# PROBLEM DETAILS
With pictures left out, please repeat word for word the lines from the one containing "女性用コーラルベルベットパジャマ厚くて可愛い女の子フランネル暖かい家着セット" through the end of the records.

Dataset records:
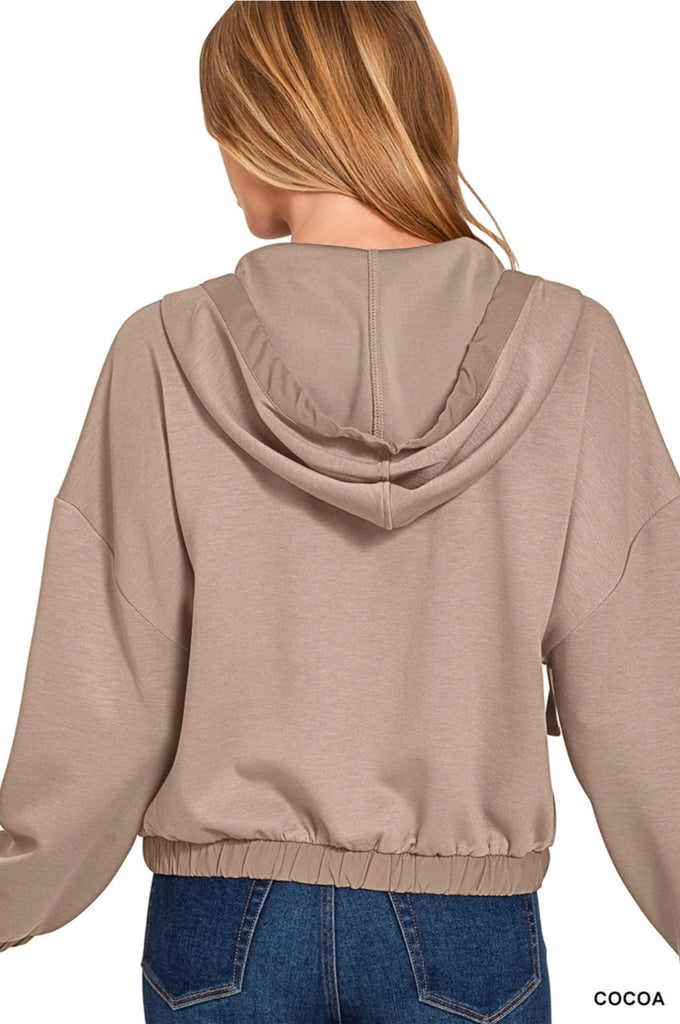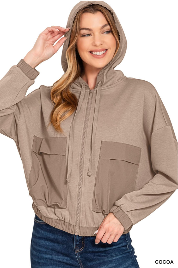 The Round The Fire zip-up is your go-to layer for cozy nights and casual days. Its warm cocoa color and soft fabric make it the perfect neutral piece to mix and match all season long. Here’s how to style it:
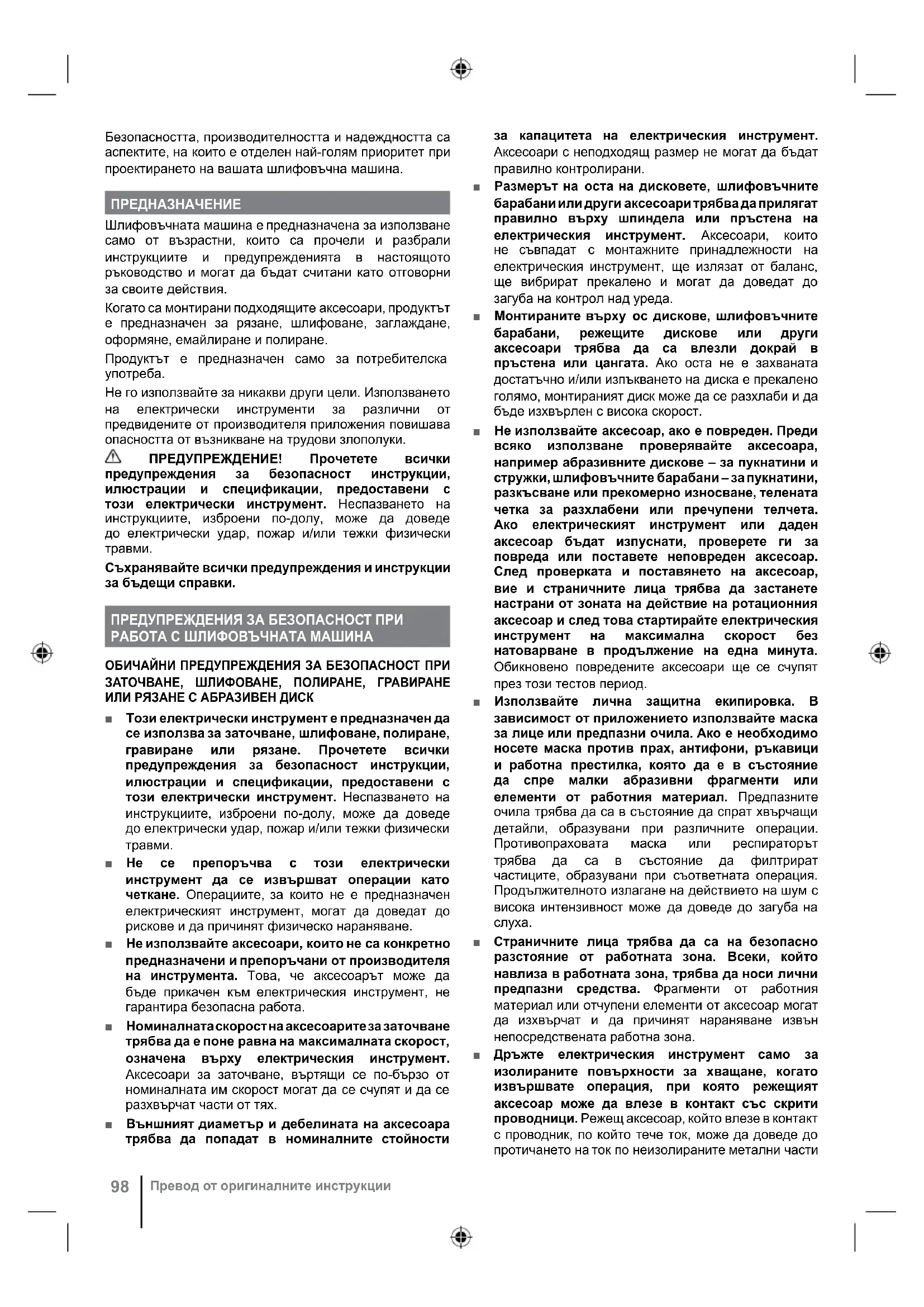 ELБезопасността, производителността и надеждността са аспектите, на които е отделен най-голям приоритет при проектирането на вашата шлифовъчна машина. ПРЕДНАЗНАЧЕНИЕ Шлифовъчната машина е предназначена за използване само от възрастни, които са прочели и разбрали инструкциите и предупрежденията в настоящото ръководство и могат да бъдат считани като отговорни за своите действия. Когато са монтирани подходящите аксесоари, продуктът е предназначен за рязане, шлифоване, заглаждане, оформяне, емайлиране и полиране. Продуктът е предназначен само за потребителска
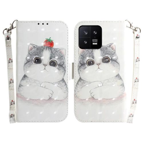 Para Xiaomi 13 5G Estuche de Teléfono de Cuero con Tapa Horizontal de Color 3D (Gato Lindo)
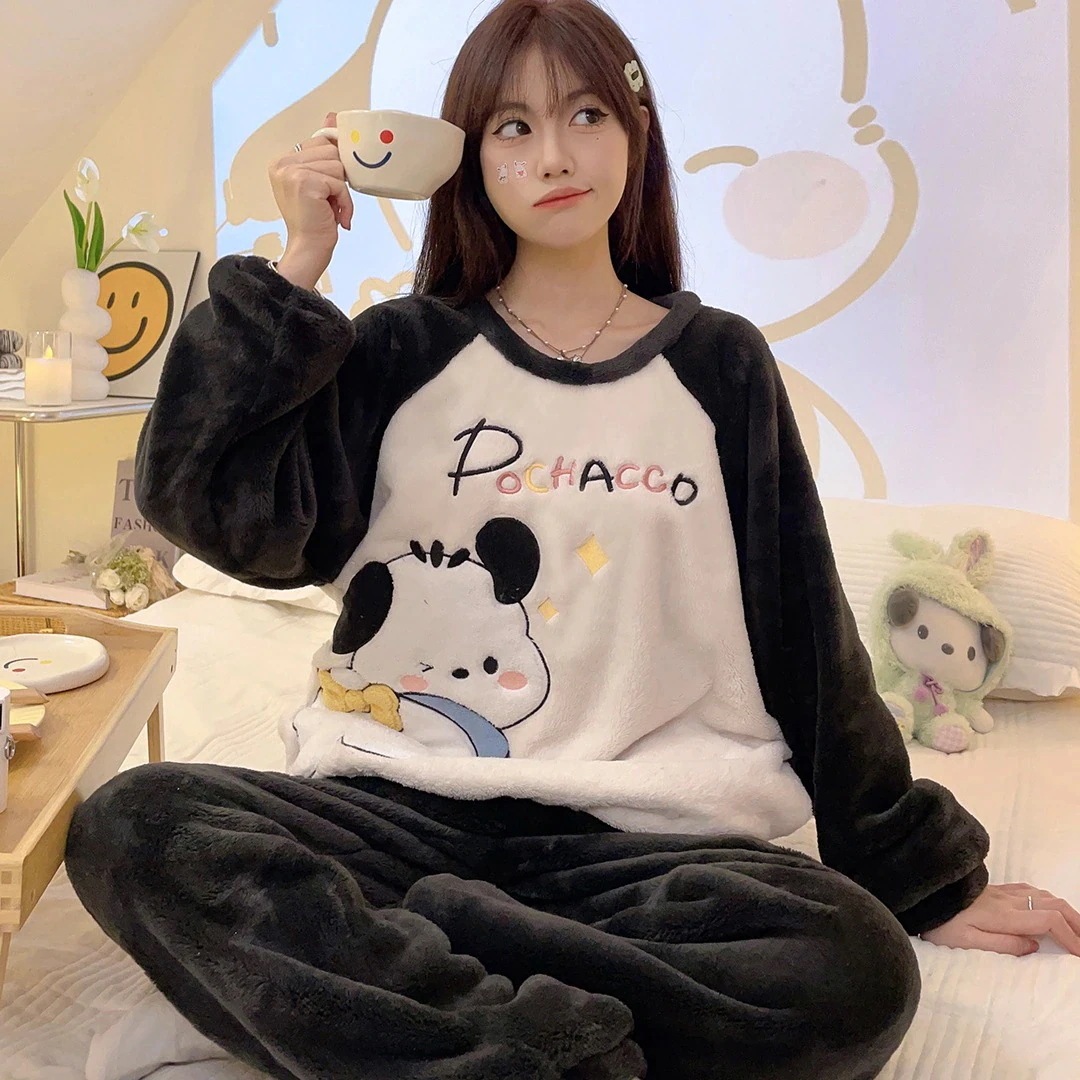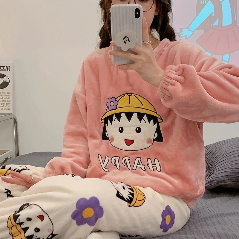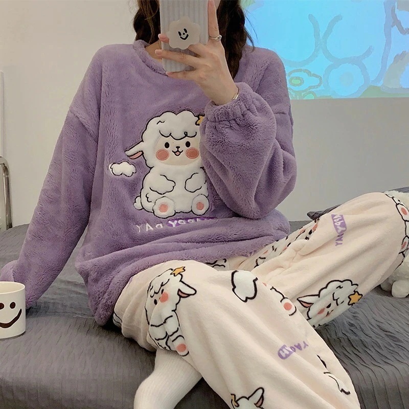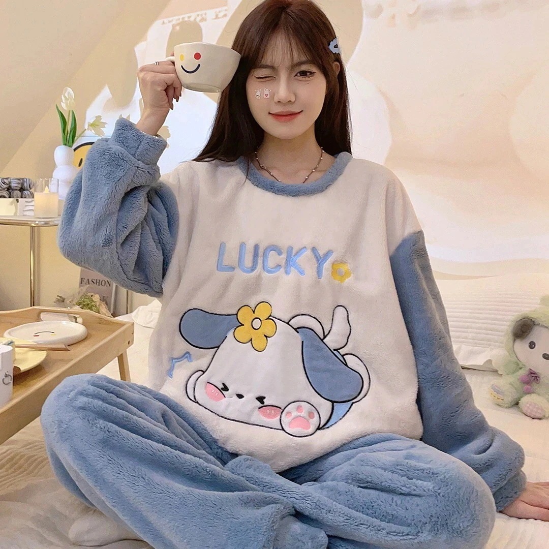 女性用コーラルベルベットパジャマ厚くて可愛い女の子フランネル暖かい家着セット
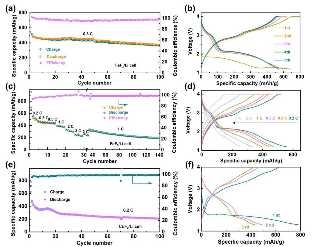 Li/LLZTO/FeF3和Li/LLZTO/CuF2固態電池的循環和倍率性能
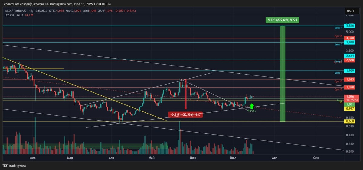 #инвест #WLD 🕯🕯🕯 ⚠️Сильнейший проект! Очень красиво собрал ликвидность после апрельского прыжка. Закрепился над круглым уровнем 1$. Можно также брать частями. Цели на графике минимальные, при булране я его вижу не меньше 15-20$. Если ETH поедет выше с текущих = этот актив устремится следом!! P.s. коллеги, если вы набираете инвест позы частями, ок, делите в пределах 20%го диапазона вниз на случай отката. Если заходите с текущих или на минимальном диапазоне = не игнорьте стопы. Поверьте, вам 5-7% стоп вы даже не заметите, когда зайдете на случившемся откате в -30% = проверено временем = подтверждено = работает на 100%. Будьте Smart и не дарите рынку свои деньги!!!
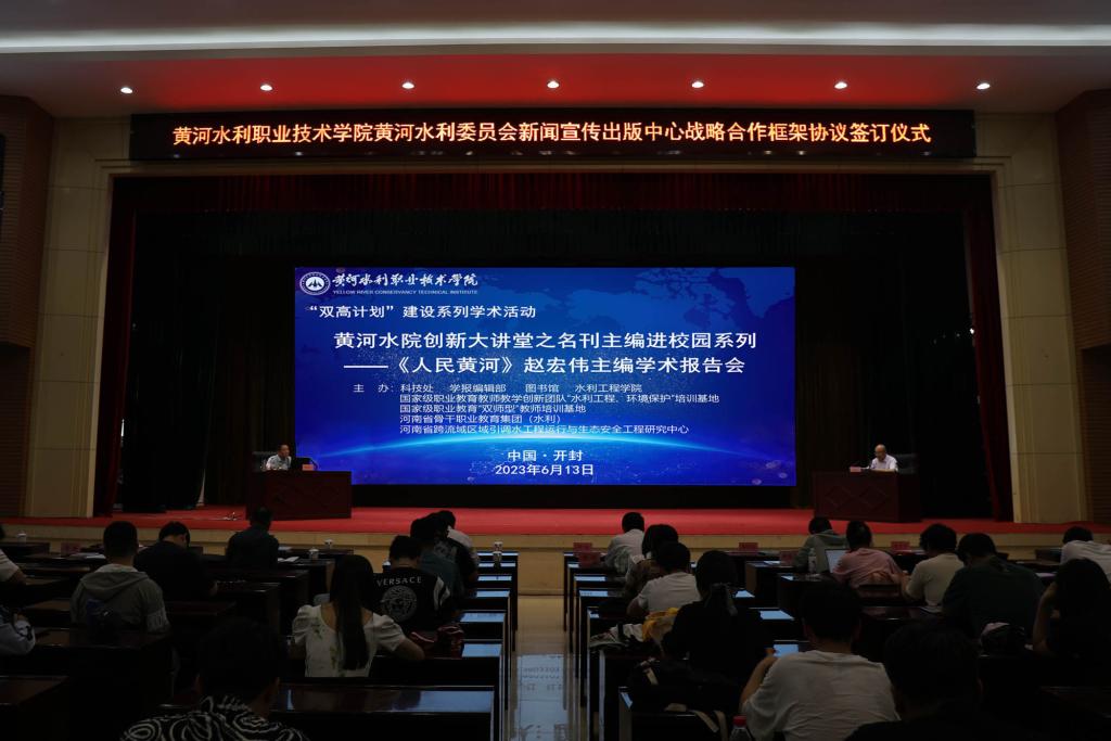 6月13日上午,《人民黄河》杂志社社长、执行主编赵宏伟教授应邀来我校作《科技论文写作与发表》学术报告。学校党委副书记、校长胡昊,党委副书记、工会主席杨士恒出席报告会,党委宣传部、科技处、学报编辑部、水利工程学院负责人和学校师生代表100余人现场聆听报告。国家级职业教育教师教学创新团队培训基地(水利工程、环境保护)、国家级职业教育“双师型”教师培训基地(水利类)、河南省骨干职业教育集团(水利)和河南省跨流域区域引调水运行与生态安全工程研究中心成员单位骨干教师200余人线上学习。报告会由党委宣传部部长彭新立主持。
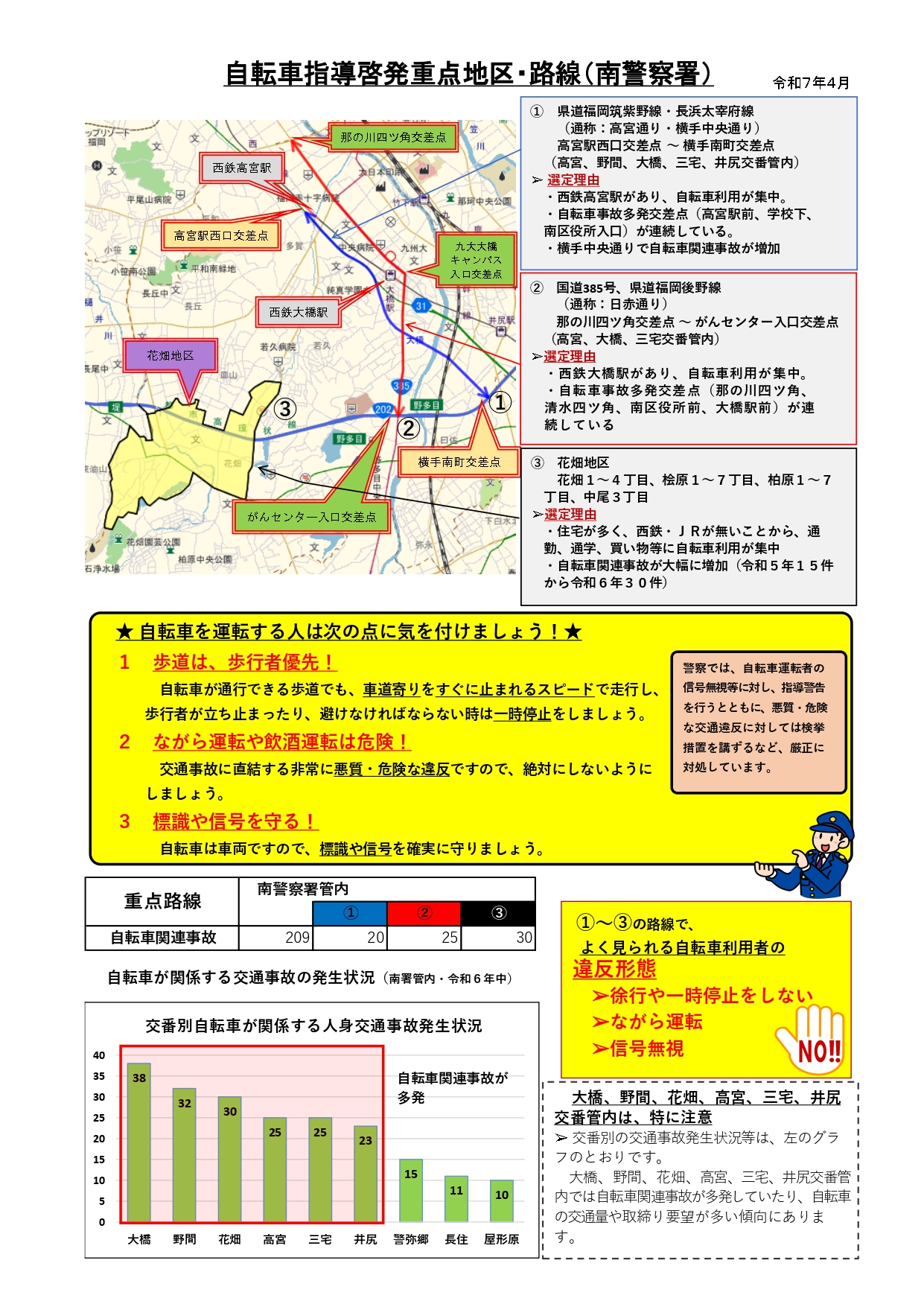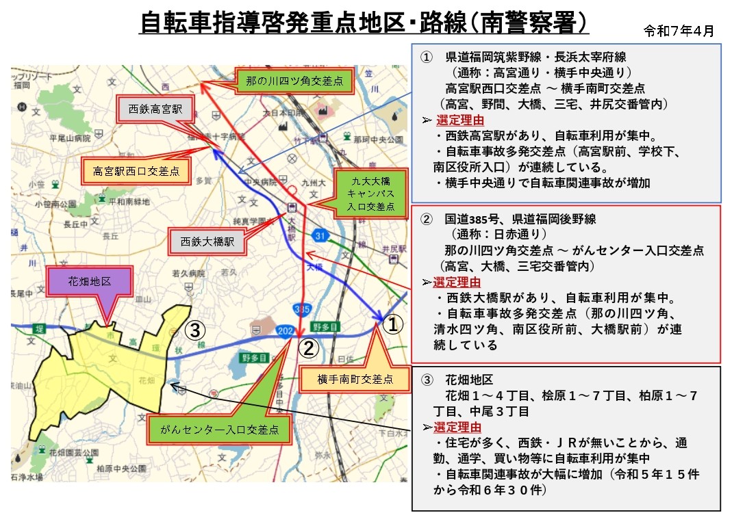 福岡市の公式サイトでは「自転車指導啓発重点地区・路線」が掲載されており、自転車が関係する交通事故の発生状況等をふまえ、市内では合計11地区・14路線が「自転車指導啓発重点地区・路線」として選定されている模様です。南区の該当エリアも掲載されており、福岡市では、福岡県警察等の関係機関と連携した自転車指導啓発重点地区・路線での啓発活動が推進されています。

# EXERCISE OUTPUT
 女性用コーラルベルベットパジャマ厚くて可愛い女の子フランネル暖かい家着セット
 Li/LLZTO/FeF3和Li/LLZTO/CuF2固態電池的循環和倍率性能
 #инвест #WLD 🕯🕯🕯 ⚠️Сильнейший проект! Очень красиво собрал ликвидность после апрельского прыжка. Закрепился над круглым уровнем 1$. Можно также брать частями. Цели на графике минимальные, при булране я его вижу не меньше 15-20$. Если ETH поедет выше с текущих = этот актив устремится следом!! P.s. коллеги, если вы набираете инвест позы частями, ок, делите в пределах 20%го диапазона вниз на случай отката. Если заходите с текущих или на минимальном диапазоне = не игнорьте стопы. Поверьте, вам 5-7% стоп вы даже не заметите, когда зайдете на случившемся откате в -30% = проверено временем = подтверждено = работает на 100%. Будьте Smart и не дарите рынку свои деньги!!!
 6月13日上午,《人民黄河》杂志社社长、执行主编赵宏伟教授应邀来我校作《科技论文写作与发表》学术报告。学校党委副书记、校长胡昊,党委副书记、工会主席杨士恒出席报告会,党委宣传部、科技处、学报编辑部、水利工程学院负责人和学校师生代表100余人现场聆听报告。国家级职业教育教师教学创新团队培训基地(水利工程、环境保护)、国家级职业教育“双师型”教师培训基地(水利类)、河南省骨干职业教育集团(水利)和河南省跨流域区域引调水运行与生态安全工程研究中心成员单位骨干教师200余人线上学习。报告会由党委宣传部部长彭新立主持。
 福岡市の公式サイトでは「自転車指導啓発重点地区・路線」が掲載されており、自転車が関係する交通事故の発生状況等をふまえ、市内では合計11地区・14路線が「自転車指導啓発重点地区・路線」として選定されている模様です。南区の該当エリアも掲載されており、福岡市では、福岡県警察等の関係機関と連携した自転車指導啓発重点地区・路線での啓発活動が推進されています。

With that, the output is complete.